A biomechanical analysis of rotator cuff deficiency in a cadaveric model.

We conducted this cadaveric study to define a biomechanical rationale for rotator cuff function in several deficiency states. A dynamic shoulder testing apparatus was used to examine change in middle deltoid muscle force and humeral translation associated with simulated rotator cuff tendon paralyses and various sizes of rotator cuff tears. Supraspinatus paralysis resulted in a significant increase (101%) in the middle deltoid force required to initiate abduction. This increase diminished to only 12% for full glenohumeral abduction. The glenohumeral joint maintained ball-and-socket kinematics during glenohumeral abduction in the scapular plane with an intact rotator cuff. No significant alterations in humeral translation occurred with a simulated supraspinatus paralysis, nor with 1-, 3-, and 5-cm rotator cuff tears, provided the infraspinatus tendon was functional.
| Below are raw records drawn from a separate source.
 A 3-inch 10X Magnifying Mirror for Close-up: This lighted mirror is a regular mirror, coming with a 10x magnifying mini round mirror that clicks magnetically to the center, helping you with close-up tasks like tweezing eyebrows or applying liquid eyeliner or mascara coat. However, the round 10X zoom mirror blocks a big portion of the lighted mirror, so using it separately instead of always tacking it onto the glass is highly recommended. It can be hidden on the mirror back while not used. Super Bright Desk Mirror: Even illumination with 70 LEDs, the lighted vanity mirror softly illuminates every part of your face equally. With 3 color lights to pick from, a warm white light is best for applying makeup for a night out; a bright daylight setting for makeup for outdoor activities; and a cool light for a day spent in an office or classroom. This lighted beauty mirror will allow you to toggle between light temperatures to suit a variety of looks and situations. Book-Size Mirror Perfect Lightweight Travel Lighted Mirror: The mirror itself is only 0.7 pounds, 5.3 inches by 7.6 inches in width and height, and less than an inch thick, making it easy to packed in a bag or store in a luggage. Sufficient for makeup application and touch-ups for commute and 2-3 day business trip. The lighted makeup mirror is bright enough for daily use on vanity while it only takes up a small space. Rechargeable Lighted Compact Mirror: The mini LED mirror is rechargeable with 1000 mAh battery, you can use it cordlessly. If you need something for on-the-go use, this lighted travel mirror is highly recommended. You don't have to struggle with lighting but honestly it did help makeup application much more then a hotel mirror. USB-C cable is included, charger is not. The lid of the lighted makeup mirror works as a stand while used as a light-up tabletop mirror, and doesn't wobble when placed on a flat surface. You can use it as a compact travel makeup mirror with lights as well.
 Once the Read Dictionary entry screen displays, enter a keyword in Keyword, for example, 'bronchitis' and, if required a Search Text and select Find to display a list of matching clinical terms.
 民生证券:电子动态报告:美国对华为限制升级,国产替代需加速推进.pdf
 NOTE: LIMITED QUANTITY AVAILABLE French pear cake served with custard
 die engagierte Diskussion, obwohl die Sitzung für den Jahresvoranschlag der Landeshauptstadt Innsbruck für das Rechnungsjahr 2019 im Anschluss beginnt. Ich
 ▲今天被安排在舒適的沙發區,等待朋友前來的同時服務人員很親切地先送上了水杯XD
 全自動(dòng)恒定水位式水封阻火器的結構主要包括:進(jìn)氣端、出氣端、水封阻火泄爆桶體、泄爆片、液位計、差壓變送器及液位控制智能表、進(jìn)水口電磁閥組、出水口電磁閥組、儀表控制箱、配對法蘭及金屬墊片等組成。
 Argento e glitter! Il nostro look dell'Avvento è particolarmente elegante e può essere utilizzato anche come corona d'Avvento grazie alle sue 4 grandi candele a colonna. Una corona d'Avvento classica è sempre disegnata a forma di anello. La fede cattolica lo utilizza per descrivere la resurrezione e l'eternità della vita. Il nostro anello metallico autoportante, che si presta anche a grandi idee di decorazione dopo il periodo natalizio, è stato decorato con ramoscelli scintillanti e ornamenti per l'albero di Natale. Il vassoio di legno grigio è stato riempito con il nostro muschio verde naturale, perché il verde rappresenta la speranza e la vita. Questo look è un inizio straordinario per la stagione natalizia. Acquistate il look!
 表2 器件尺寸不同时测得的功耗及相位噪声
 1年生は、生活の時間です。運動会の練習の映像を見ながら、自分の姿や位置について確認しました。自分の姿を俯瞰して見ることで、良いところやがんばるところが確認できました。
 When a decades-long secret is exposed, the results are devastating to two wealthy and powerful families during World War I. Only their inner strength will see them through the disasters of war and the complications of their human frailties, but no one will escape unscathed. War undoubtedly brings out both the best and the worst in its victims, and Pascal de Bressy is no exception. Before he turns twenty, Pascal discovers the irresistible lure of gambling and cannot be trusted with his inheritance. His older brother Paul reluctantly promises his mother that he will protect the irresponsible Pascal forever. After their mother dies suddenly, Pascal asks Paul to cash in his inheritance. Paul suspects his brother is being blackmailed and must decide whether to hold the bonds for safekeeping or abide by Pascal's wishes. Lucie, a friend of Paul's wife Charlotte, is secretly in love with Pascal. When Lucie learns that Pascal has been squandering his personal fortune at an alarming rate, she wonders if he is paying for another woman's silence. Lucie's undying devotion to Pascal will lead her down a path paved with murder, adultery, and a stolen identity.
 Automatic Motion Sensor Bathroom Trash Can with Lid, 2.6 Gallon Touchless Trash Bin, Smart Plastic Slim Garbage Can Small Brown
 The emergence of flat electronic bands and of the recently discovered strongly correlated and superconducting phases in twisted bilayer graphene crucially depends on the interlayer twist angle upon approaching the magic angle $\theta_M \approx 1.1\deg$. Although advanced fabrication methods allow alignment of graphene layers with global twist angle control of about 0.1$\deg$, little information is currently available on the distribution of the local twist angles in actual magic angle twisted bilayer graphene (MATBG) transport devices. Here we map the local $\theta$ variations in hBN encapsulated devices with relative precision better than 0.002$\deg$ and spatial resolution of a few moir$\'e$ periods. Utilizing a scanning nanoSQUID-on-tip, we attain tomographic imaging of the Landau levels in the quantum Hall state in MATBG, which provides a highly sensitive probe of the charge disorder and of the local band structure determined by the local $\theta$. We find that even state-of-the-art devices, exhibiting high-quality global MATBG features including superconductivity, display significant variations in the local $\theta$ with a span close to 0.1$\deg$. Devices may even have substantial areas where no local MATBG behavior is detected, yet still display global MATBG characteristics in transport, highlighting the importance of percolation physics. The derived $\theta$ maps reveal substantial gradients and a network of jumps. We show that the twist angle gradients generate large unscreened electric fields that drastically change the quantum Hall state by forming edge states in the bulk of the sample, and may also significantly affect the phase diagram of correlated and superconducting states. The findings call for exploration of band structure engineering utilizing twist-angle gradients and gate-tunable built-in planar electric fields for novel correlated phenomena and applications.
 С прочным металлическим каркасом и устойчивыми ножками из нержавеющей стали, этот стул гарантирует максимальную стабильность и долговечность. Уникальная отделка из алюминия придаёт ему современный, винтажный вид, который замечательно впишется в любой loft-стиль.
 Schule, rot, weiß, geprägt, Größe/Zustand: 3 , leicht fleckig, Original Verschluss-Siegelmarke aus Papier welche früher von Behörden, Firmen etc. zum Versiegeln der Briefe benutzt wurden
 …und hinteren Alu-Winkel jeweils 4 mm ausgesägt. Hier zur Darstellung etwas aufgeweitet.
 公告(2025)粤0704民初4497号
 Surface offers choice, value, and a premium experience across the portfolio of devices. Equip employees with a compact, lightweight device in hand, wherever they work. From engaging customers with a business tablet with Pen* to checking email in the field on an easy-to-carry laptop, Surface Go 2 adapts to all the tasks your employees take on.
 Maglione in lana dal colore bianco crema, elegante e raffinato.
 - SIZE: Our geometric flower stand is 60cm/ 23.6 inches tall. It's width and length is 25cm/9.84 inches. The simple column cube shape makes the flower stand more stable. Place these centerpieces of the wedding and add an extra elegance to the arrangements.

Global tears resulted in an inability to elevate beyond 25 degrees of glenohumeral abduction despite a threefold increase in middle deltoid force. These results validated the importance of the supraspinatus tendon during the initiation of abduction. Glenohumeral joint motion was not affected when the "transverse force couple" (subscapularis, infraspinatus, and teres minor tendons) remained intact. Significant changes in glenohumeral joint motion occurred only if paralysis or anatomic deficiency violated this force couple. Finally, this model confirmed that rotator cuff disease treatment must address function in addition to anatomy.